Резкими движениями дрожащих от нетерпения рук Анна расстегивает пуговицы на рубашке Ханса, она ведь читала, что руки должны дрожать от нетерпения. Дрожь охватывает и Ханса, но причина тут другая – белье на нем не слишком чистое, однако от возбуждения на это внимания не обращают.

– Только не подумай, что я в тебя влюбился, – торопится он заметить.

– Я тебя тоже не люблю, ни в коем случае, любовь для этого и не требуется, – говорит Анна.

– Вот новость, в первый раз такое слышу.

– Любовь порабощает, потому что постоянно приходится думать, где сейчас находится твой избранник, почему он не с тобою рядом. Человек лишается независимости, это ужасно.

Ханс раздумывает, как лучше всего приступить к делу, и наконец приступает. Как давешний волк, он набрасывается на Анну и впивается в ее губы. Он вовсю работает зубами и языком. Получилось не слишком умело, но, как-никак, достаточно необузданно, для настоящего мужчины подходяще. Анна жадно вцепляется в него, тискает, треплет всюду, пуская в ход зубы и ногти. Жалко, они не очень длинные, из-за фортепьяно их приходится коротко подстригать, недостаток, что поделаешь. Зато все идет в удвоенном темпе. Боли маловато, так наверстаем за счет темпа. А боль должно присутствовать, потому что по-настоящему здорово только извращение, а не то, чем все обычно занимаются. Хансу больно от того, как она этим занимается, и он страдальчески кривит лицо, сейчас же вспомнив, что и Гарри Купер часто кривит лицо будто под пыткой, когда играет любовную сцену. Нужно выглядеть так, будто это против твоей воли, а потом все же уложить добычу навзничь, потому что чувство одолело. Чувство должно захлестнуть тебя, оно и захлестывает без промедления, как багровая волна, или как ослепляющая вспышка, или как мрак забытья.

«Что же дальше делать-то, – спрашивает себя Ханс, – надо, чтобы действие все время развивалось, никакого холостого хода, все должно продолжаться непрерывно, не останавливаясь, а не то совсем с такта собьешься. Сейчас я должен сорвать с нее одежду, если она будет говорить "нет", внимания обращать нельзя». Ничего подобного, Анна вовсе не принимается умолять, что, дескать, пожалуйста, не надо, наоборот, она сама сбрасывает с себя все, потому что Ханс действует неуклюже.

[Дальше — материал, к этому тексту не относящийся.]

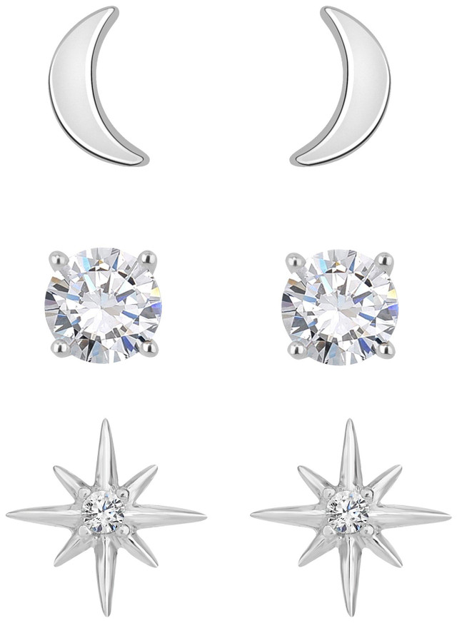 Discover timeless elegance with our Signature 3-Pc. Cubic Zirconia Stud Earrings. This stunning set includes three pairs of sparkling studs, each designed to elevate your accessory collection. Featuring high-quality cubic zirconia, these earrings radiate brilliance and mimic the beauty of genuine diamonds. The set offers a variety of styles, including classic round, elegant princess cut, and a modern geometric shape, allowing you to effortlessly switch up your look for any occasion.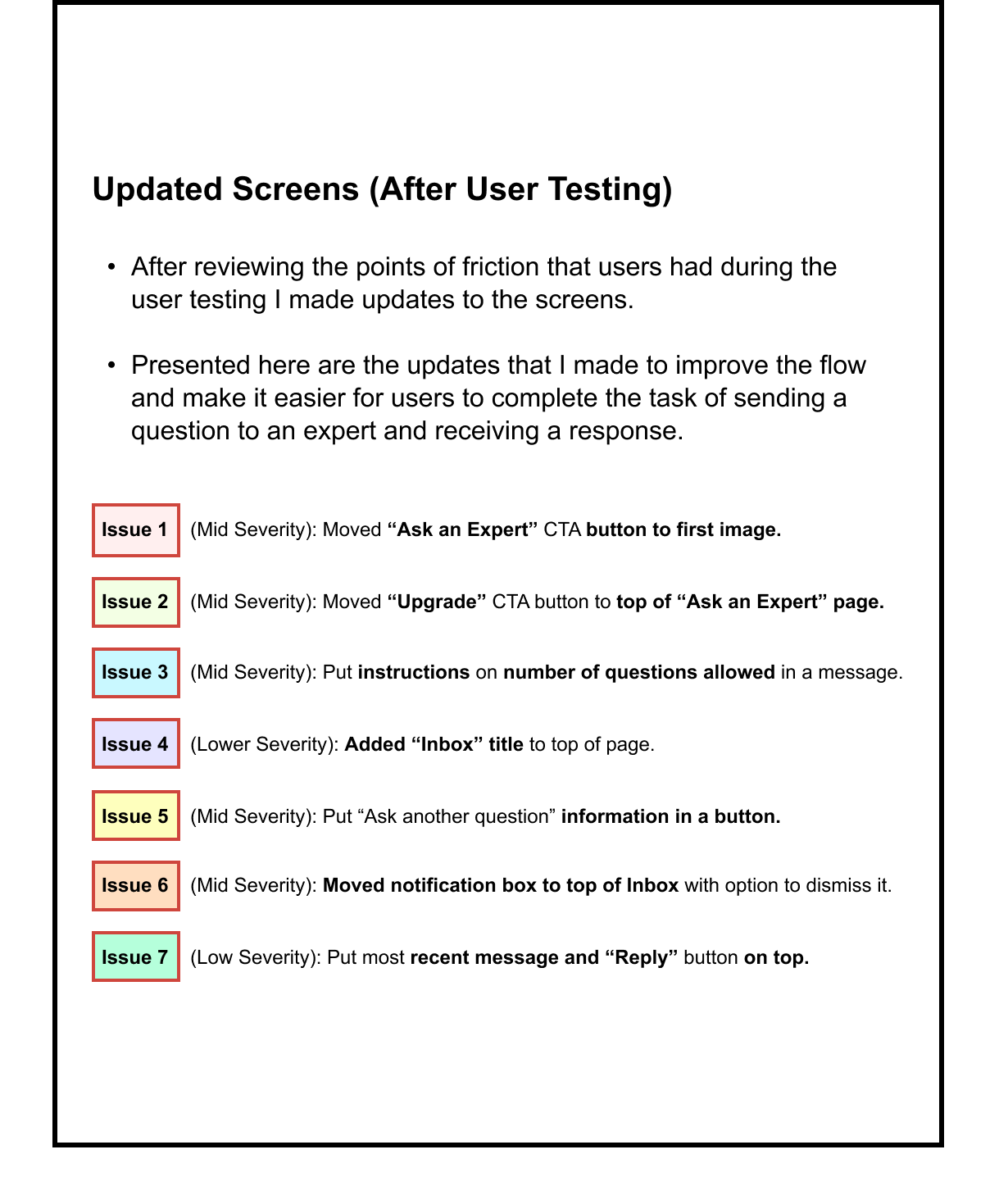 After mid fidelity screens were designed I ran a user test to see how easy it was for users to complete the task of sending a message to an expert and receiving a response from them in their Inbox. 5 people participated in this test.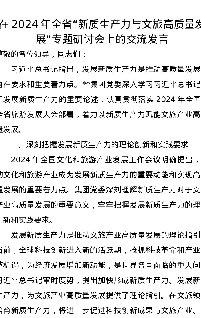 在2024年全省“新质生产力与文旅高质量发展”专题研讨会上的交流发言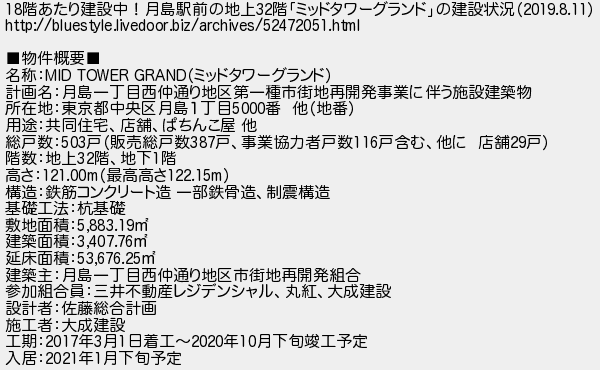 175: (東京都) [] 2019/10/26(土) 01:26:11.88 ID:6cdk6eJf 18階あたり建設中!月島駅前の地上32階「ミッドタワーグランド」の建設状況(2019.8.11) http://bluestyle.livedoor.biz/archives/52472051.html ■物件概要■ 名称:MID TOWER GRAND(ミッドタワーグランド) 計画名:月島一丁目西仲通り地区第一種市街地再開発事業に伴う施設建築物 所在地:東京都中央区月島1丁目5000番 他(地番) 用途:共同住宅、店舗、ぱちんこ屋 他 総戸数:503戸(販売総戸数387戸、事業協力者戸数116戸含む、他に 店舗29戸) 階数:地上32階、地下1階 高さ:121.00m(最高高さ122.15m) 構造:鉄筋コンクリート造 一部鉄骨造、制震構造 基礎工法:杭基礎 敷地面積:5,883.19u 建築面積:3,407.76u 延床面積:53,676.25u 建築主:月島一丁目西仲通り地区市街地再開発組合 参加組合員:三井不動産レジデンシャル、丸紅、大成建設 設計者:佐藤総合計画 施工者:大成建設 工期:2017年3月1日着工〜2020年10月下旬竣工予定 入居:2021年1月下旬予定 http://egg.5ch.net/test/read.cgi/develop/1572012721/175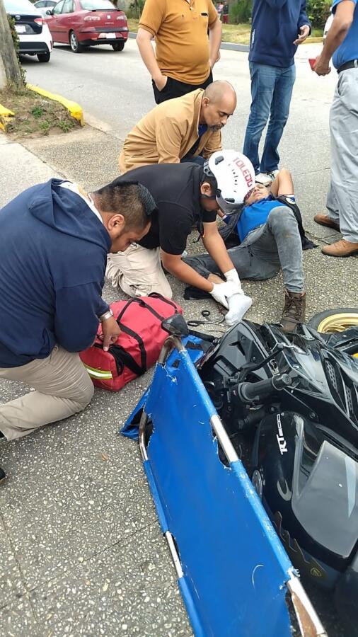 Tras la colisión, el conductor de la motocicleta resultó con una grave lesión en la pierna derecha, mientras que su acompañante presentó golpes y laceraciones en diversas partes del cuerpo.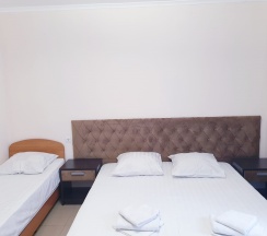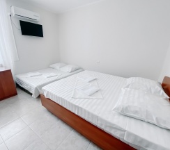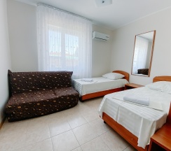 Понравилось: Чистый номер, удобное расположение. Рядом рынок и магазины. До моря правда 10 минут пешком ( засекали время), приветливый персонал. Мы брали трёхместный номер, но так как мы были с маленьким ребёнком то нас предложили семейный на первом этаже по цене трехместного, именно чтобы нам было удобно!!! Спасибо за это большое)
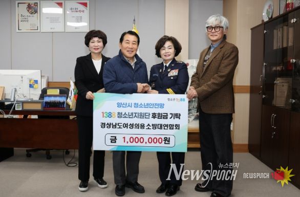 뉴스펀치 박세훈 기자 | 경상남도 여성의용소방대연합회(회장 김복야)는 27일 양산시를 방문해 후원금 100만원을 양산시청소년상담복지센터 1388청소년지원단에 기탁했다.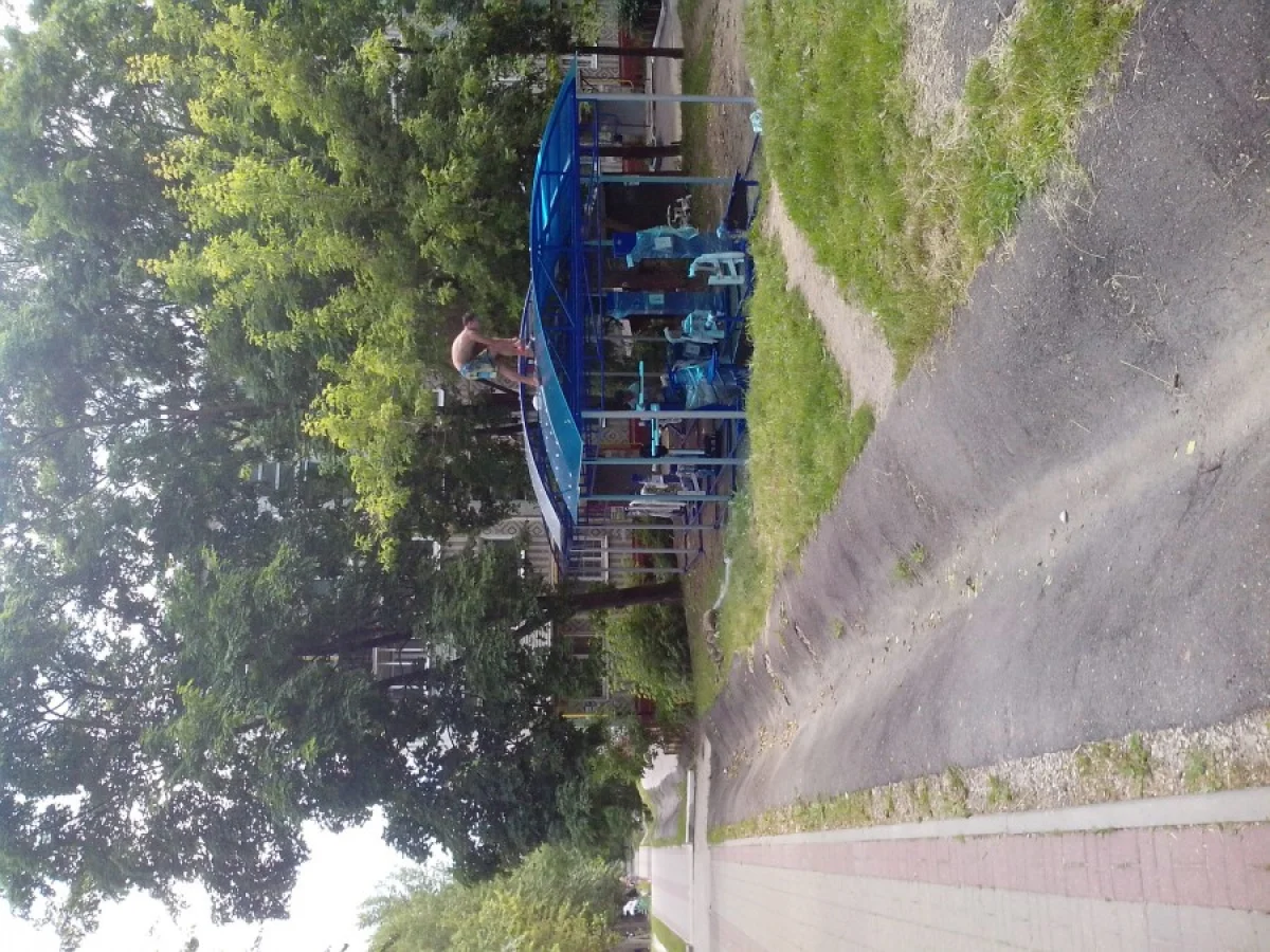 На улице Степана Разина д. 77 устанавливают спортивные тренажёры.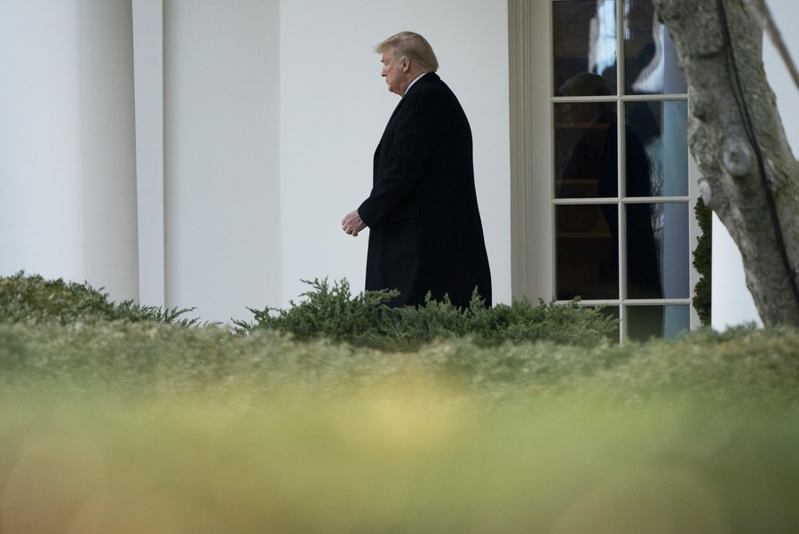 U.S. President Donald Trump leaves the White House in Washington D.C., the United States, on Feb. 28, 2020. (Photo by Ting Shen/Xinhua)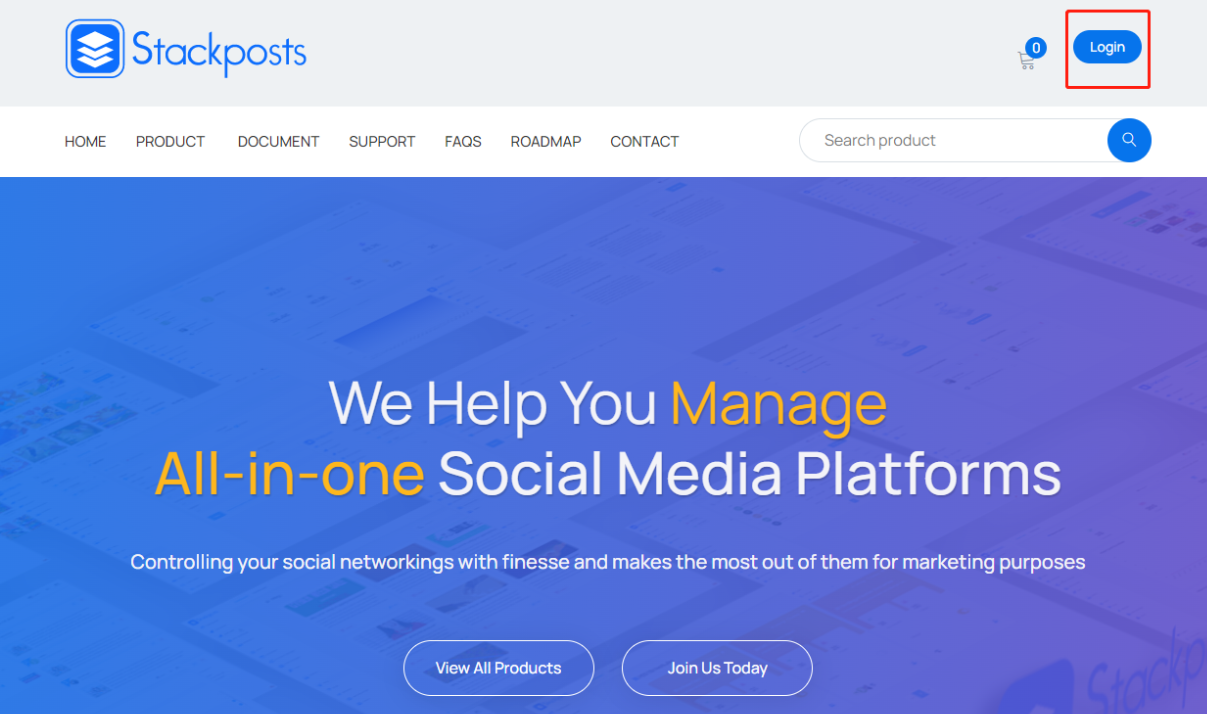 1. Open the Stackposts home page and click the Login button. Enter your username password and go to the Dashboard

«И для этого-то я всего Сартра прочла в свободное от уроков время, все "Бытие" и все "Ничто"? – проносится в ее голове, пока она стягивает с себя трусики. – А теперь куда мне девать все это? На моем месте сейчас вполне могла бы оказаться и другая, которая вообще ничегошеньки никогда не читала, кроме журнала "Браво". Да иного здесь и не требуется». Анна внутренне все понимает, и это отличает ее от миллионов других девушек, но снаружи, к сожалению, Ханс видит лишь точь-в-точь такую же девушку, как и миллион других. И обращается с ней соответственным образом. Ведь она, как и все другие, состоит из кожи, мяса, жил, мышц и костей. Анну ужасает мысль, что здесь вместо нее могла бы лежать и любая другая (и посимпатичнее, чем она). Внутренне она все понимает и оценивает все, что происходит, а вот другие просто летят на это, как мухи на мед, и ей от этого худо.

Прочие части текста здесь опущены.